Lendemeriella aureopruinosa

Scientific classification
- Domain: Eukaryota
- Kingdom: Fungi
- Division: Ascomycota
- Class: Lecanoromycetes
- Order: Teloschistales
- Family: Teloschistaceae
- Genus: Lendemeriella
- Species: L. aureopruinosa
- Binomial name: Lendemeriella aureopruinosa I.V.Frolov, Vondrák, Arup, Konoreva, S.Chesnokov, Yakovczenko & Davydov (2021)

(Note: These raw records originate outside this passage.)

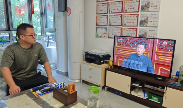 员工居家观看纪念中国人民抗日战争暨世界反法西斯战争胜利80周年大会直播活动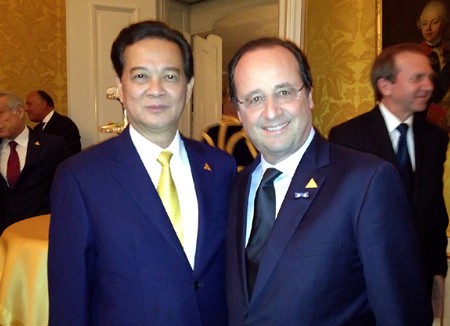 阮晋勇总理与法国总统奥朗德合影。图片:VGP |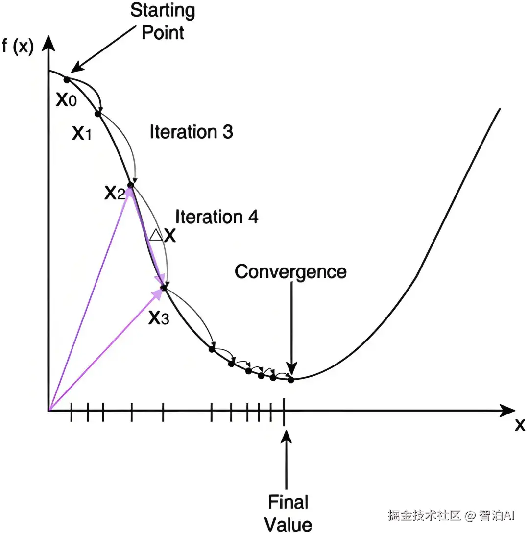 方向选择:计算损失函数对参数的梯度(即函数值变化最快的方向),并沿其负方向更新参数。由于梯度指向函数上升最快的方向,反方向自然对应下降最快的路径。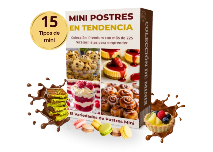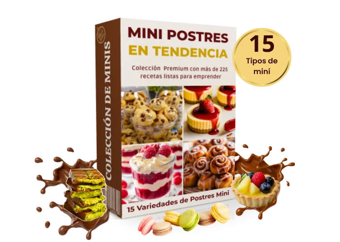 Accede Hoy a una colección única con +225 Recetas Descargables de Mini Postres en Tendencia con bonos prácticos que transformarán tu catálogo en una vitrina premium 🧁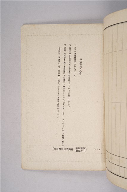 該物件為柯枝生從1927年(昭和2年)使用至1932年(昭和7年)的公學校通信簿。該通信簿的內容為學生基本資料、家庭狀況、關係職員(即校長與導師姓名)、學生經歷、成績、出缺席表、身體狀況表、通信欄等。從中可看出,物主柯枝生原姓楊,後由柯天送收養,改姓柯。第14至15頁中夾入「大日本婦人會會歌及綱領」一紙。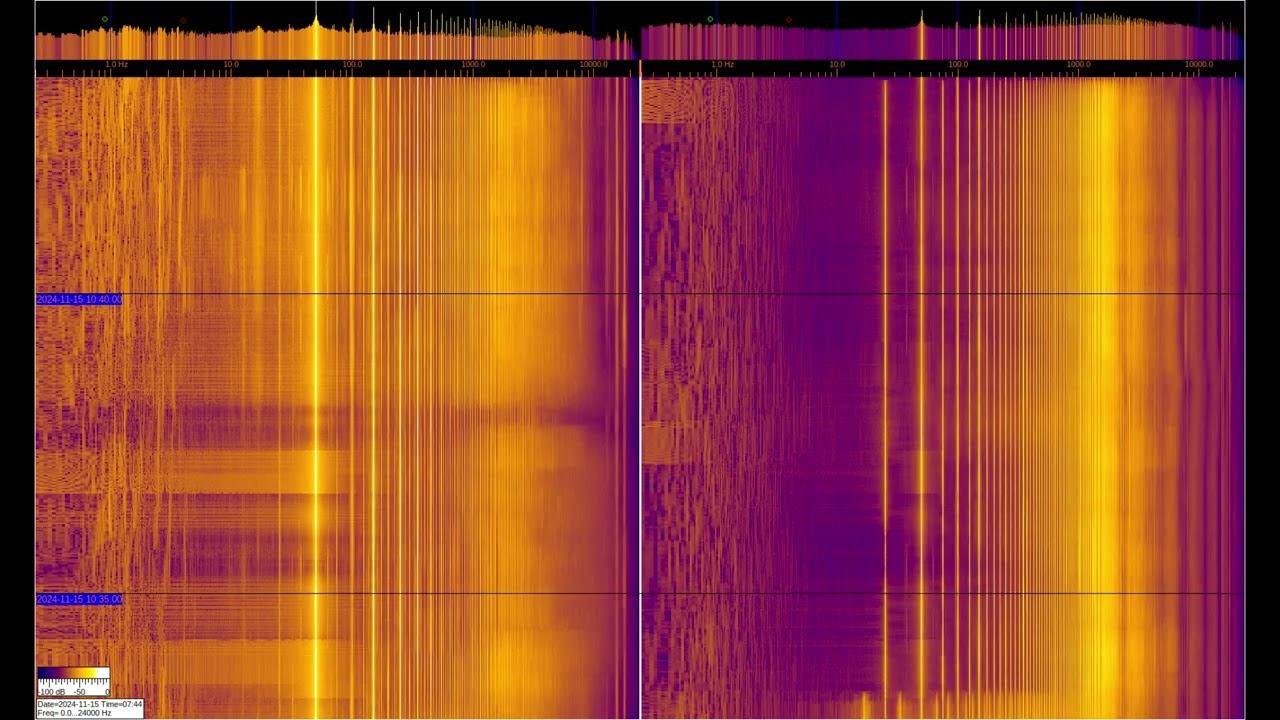 The left and right signals are taken from inductive sensors with ferromagnetic elements, but the left one is additionally connected to grounding on 2 stainless steel pins buried 1 m and spaced 1 m apart. You can see a large number of harmonics from the power supply and various artificial signals. Of interest are signals at frequencies below 50 Hz, where you can observe the operation of specialized equipment and communication signals of submarines and underground objects. Separately, it is worth considering signals in the region of 1-3 Hz on the left spectrum, which relate to the geomagnetic background, which is modulated by solar activity, They can be viewed in more detail in the video called “Signals from the Earth,” which are in the playlists below. The sound in the video is recorded in real time - a signal from sensors. О ПРОИСХОЖДЕНИИ ЧАСТОТНОЙ МОДУЛЯЦИИ СЕРПЕНТИННОЙ ЭМИССИИ https://youtu.be/bwWHggY1IVU?si=xAX1diRKI9MxQJ88&t=1740 Previous monitoring is in playlists: EMF monitor https://youtube.com/playlist?list=PLiRg2YCbXcwn41BHqADKVBep_TgVq6XUN Очень Низкая Частота ~ Very Low Frequency https://youtube.com/playlist?list=PLiRg2YCbXcwnp5DxM4PnSs7k_Rnypaqek SIGNALS IN THE GROUND https://youtube.com/playlist?list=PLiRg2YCbXcwl6f3Bf5arHbGSOCNE5U71O поддержать канал: 8-999-654-93-44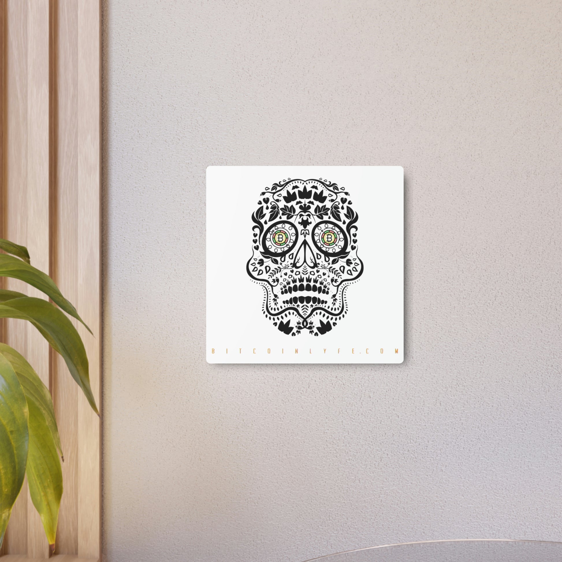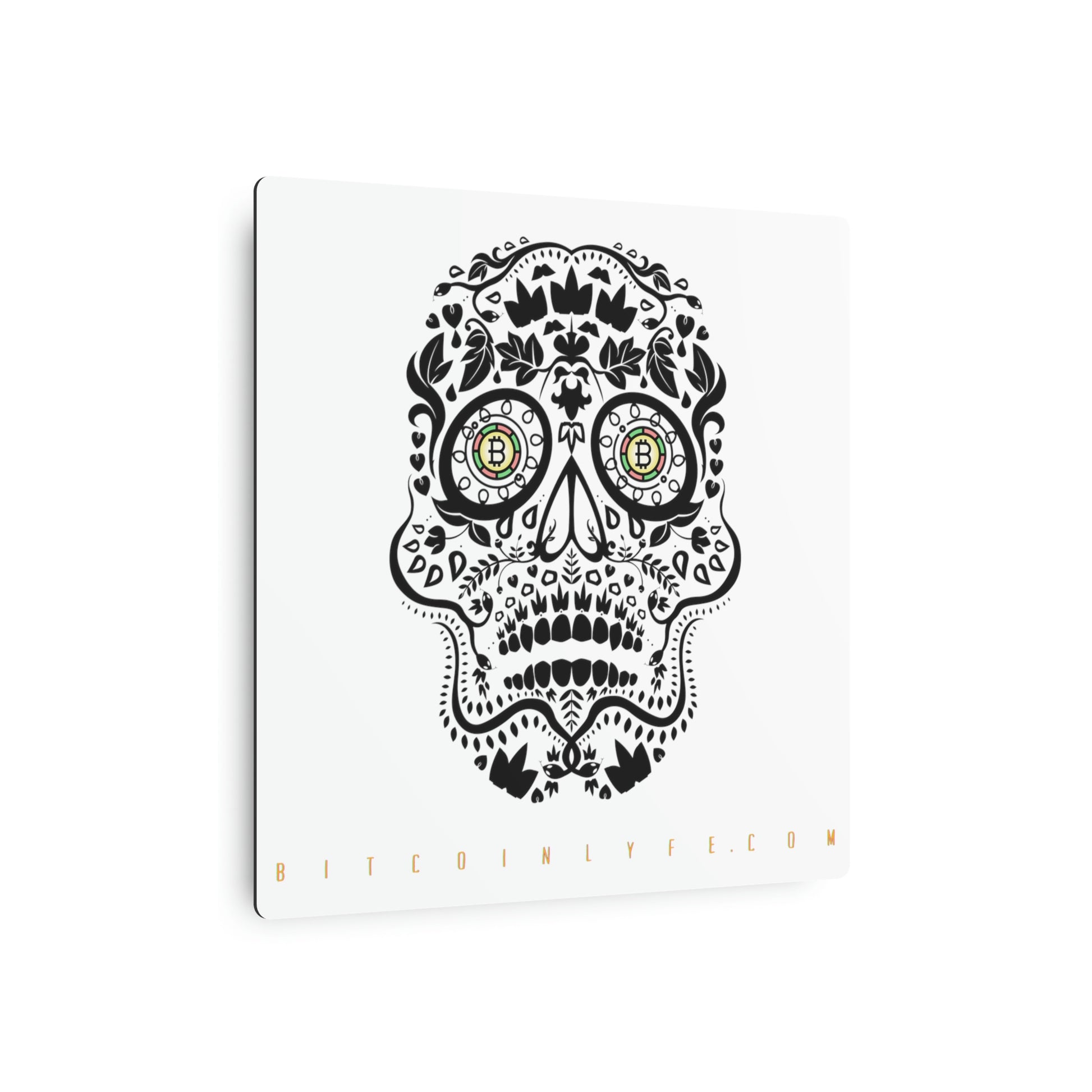 Made with 3mm white aluminum composite, these Día de los Muertos Bitcoin signs come with a beautiful matte finish that is ideal for printing. Each sign comes with one mounting block for effortless hanging.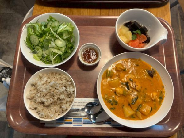 今月の管理栄養士監修ランチメニューは、きのこのバターライス、鶏肉のトマトクリームシチュー、栄養士の気まぐれサラダ、コーヒー寒天ゼリーとフルーツ~ジンジャーエールがけ~でした。

= Lendemeriella aureopruinosa =

- Authority: I.V.Frolov, Vondrák, Arup, Konoreva, S.Chesnokov, Yakovczenko & Davydov (2021)

Species of lichen

Lendemeriella aureopruinosa is a species of crustose lichen in the family Teloschistaceae. Found in the Russian Far East, it was formally described as a new species in 2021 by Ivan Frolov, Jan Vondrák, Ulf Arup, Liudmila Konoreva, and Sergey Chesnokov, Lidia Yakovchenko, and Evgeny Davydov. The type specimen was collected on the banks of River Bes-Yuryakh (Yllymakh, Republic of Sakha); here it was found growing on siliceous outcrops in a forest comprising largely birch, alder, and larch trees. The thallus of the lichen ranges in form from an inconspicuous grey film to a more well-developed crust or areoles. Its apothecia measure 0.3–0.6 mm in diameter and have a dark-orange to brick-red coloured disc. Secondary chemicals detected in the lichen (using high-performance liquid chromatography) include parietin, parietinic acid, emodin, teloschistin, and fallacinal. The specific epithet aureopruinosa refers to the bright gold-coloured pruina that is found on young apothecia.